I woke to the wrong ceiling.
For three panicked seconds I expected the flicker of my apartment’s crappy light, the hum of my fridge, the drip from the bathroom tap. Instead there was quiet, wood beams, and a mattress that didn’t have a spring trying to stab my spine.
Silverpine. Guest room. Not a cage.
The smell hit next—eggs, meat, bread, and strong coffee—followed by noise: clatter, overlapping voices, a kid’s giggle.
Pack, Nyra said, pleased.
I dragged on the soft grey T‑shirt and sweats someone had left on the chair and cracked the door. The hallway was empty, but the noise grew as I went downstairs.
The kitchen doorway was a border.
On one side: me, barefoot, heart thudding. On the other: chaos.
Tessa at the stove, flipping eggs. A giant coffee pot. Caleb and Elias at one end of the table, talking low. Mira leaning against the counter, mug in hand. A dark‑haired boy kneeling on a bench, practically vibrating.
“Is she here?” he demanded. “You said she was here.”
“No yelling at the table, Noah,” Tessa said. “You’ll scare the eggs.”
“I—eggs don’t—” He broke off when he saw me. “Oh. Wow.”
Every head turned. Silence stretched.
Then Tessa smiled like this was the most normal thing on earth. “Morning. Coffee on the left, food on the right. Ignore Elias; he criticizes everyone’s toast.”
Elias lifted his mug. “Welcome to the circus.”
I hovered, fingers tight on the doorframe. “Smells good,” I managed.
“Then get a plate before Noah eats it all,” Tessa said.
“I’m starving,” he protested. “I’m Noah. I almost puked on Caleb’s boots last training.”
“That was one time,” Caleb said.
Our eyes met; something eased in his shoulders. I looked away, grabbed a plate, and loaded it with eggs and toast. Mira slid a mug toward me.
“No Council blips on the border this morning,” she said quietly. “You’re safe to eat.”
“Comforting,” I muttered, but relief loosened my jaw.
I took the empty chair across from Noah. He stared at me, utterly unbothered by concepts like “personal space” or “subtlety.”
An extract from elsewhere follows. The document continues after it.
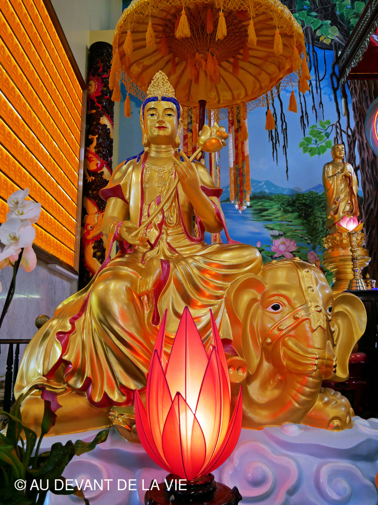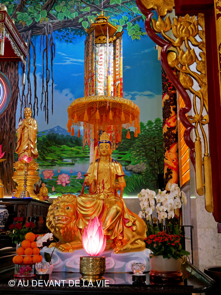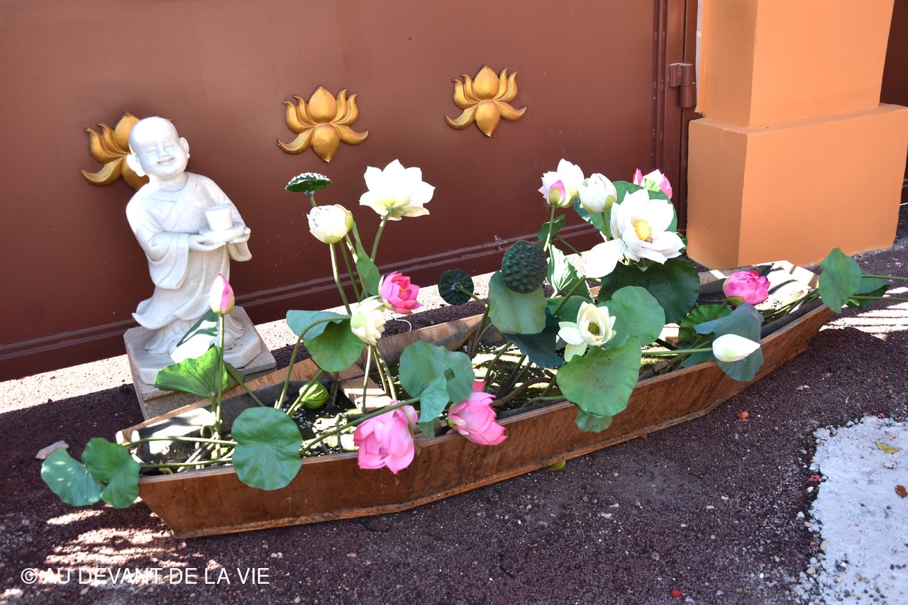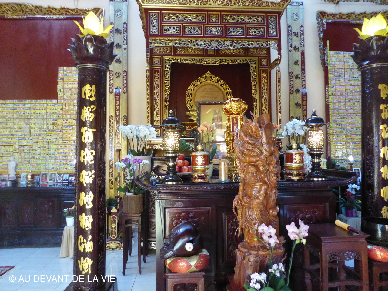 Ce qui saute aux yeux en arrivant devant la pagode , ce sont les teintes vives et chaudes qui couvrent les murs de cette dernière et lui donnent un air magique et irréel. Accompagnés de deux guides vietnamiens trés accueillants puis d'un conférencier nous avons visité cette superbe pagode en découvrant les rites et les coutumes de ce temple bouddhiste.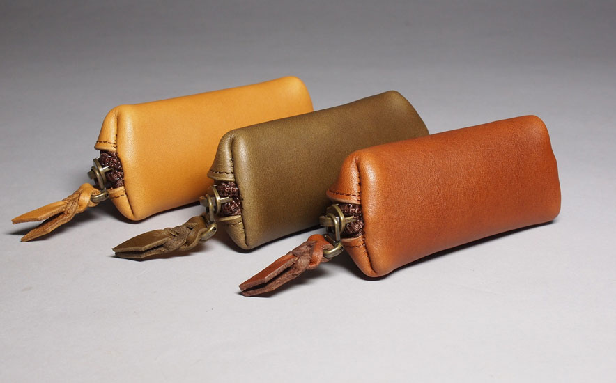 厚み2mm強の一枚革で製作したコインケースです。

“You’re kind of both,” he whispered.
“Both what?” I asked.
“Wolf and not,” he said. “Mira says that’s complicated.”
“It is,” I said. “Don’t try this at home.”
He chewed on that, then blurted, “Did it hurt? When your wolf came out?”
The table went a notch quieter. Old instincts told me to shut down, lie, deflect. His eyes killed that option—fear and fascination tangled together.
“Yeah,” I said. “It hurt. But it was worse when other people tried to make it happen. This time it was me. That helped.”
“I’m scared of my first shift,” he admitted, voice small. “Even though everyone says it’s fine.”
“Being scared’s normal,” I said. “Doing it anyway is the brave part.”
“Like you?” he asked.
The word lodged in my throat. “Like your healer,” I said instead, nodding at Mira. “She has to listen to all of you freak out.”
“Rude,” Mira said. “True, but rude.”
Caleb’s voice cut in, steady. “Your shift won’t be like Maia’s,” he told Noah. “We don’t do what was done to her. That’s the whole reason we’re changing things.”
Something tight in my chest loosened a fraction.
Conversation flowed around us again: Tessa scolding someone for stealing bacon, Elias making dry comments, a teen darting through to grab a muffin and vanish.
For a few minutes, it was just breakfast.
No badges. No white rooms. Just wolves eating and teasing and existing.
Temporary, I reminded myself, lifting my mug. You’re leaving.
Nyra lay with her head on her paws, watching the room with wary contentment.
For now, she said.
For now, I didn’t get up and run.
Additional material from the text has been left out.